Treasure Hunt Routing

You are given an undirected graph representing a forest. There is a starting location \(s\) and a list of treasure locations. The forest is modeled as \(n\) nodes with \(m\) edges. Some of the nodes contain treasures. Two or more treasures are considered to be in the same group if they are connected via a sequence of edges, ignoring non‐treasure nodes.

Your task is to plan one or more routes. Each route starts at \(s\), visits a group (i.e. a connected component) of treasure nodes (using any order, but the connectivity among treasures is ensured by the graph), and finally returns to \(s\).

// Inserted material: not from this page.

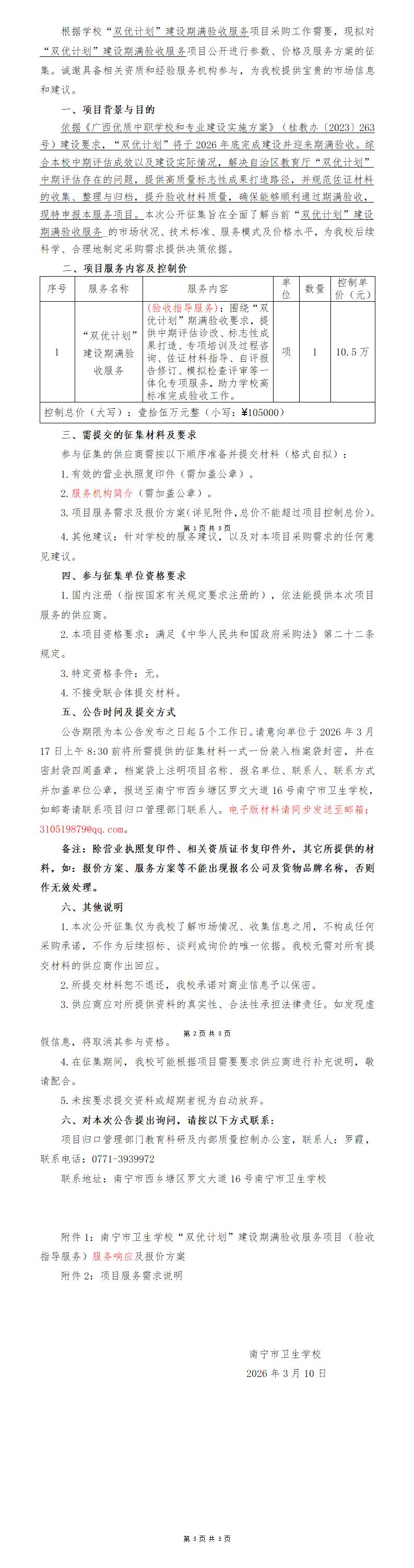 南宁市卫生学校关于“十五五”规划编制咨询 项目参数、价格及服务方案公开征集公告

If there are no treasures, output 0 routes.

Input Format:
The first line contains four integers \(n\), \(t\), \(s\), and \(m\) where \(n\) is the number of nodes, \(t\) is the number of treasures, \(s\) is the starting node (0-indexed), and \(m\) is the number of edges in the graph. The second line contains \(t\) space-separated integers denoting the treasure nodes (if \(t = 0\), this line will be empty). Each of the next \(m\) lines contains two integers \(u\) and \(v\), indicating that there is an undirected edge between node \(u\) and node \(v\).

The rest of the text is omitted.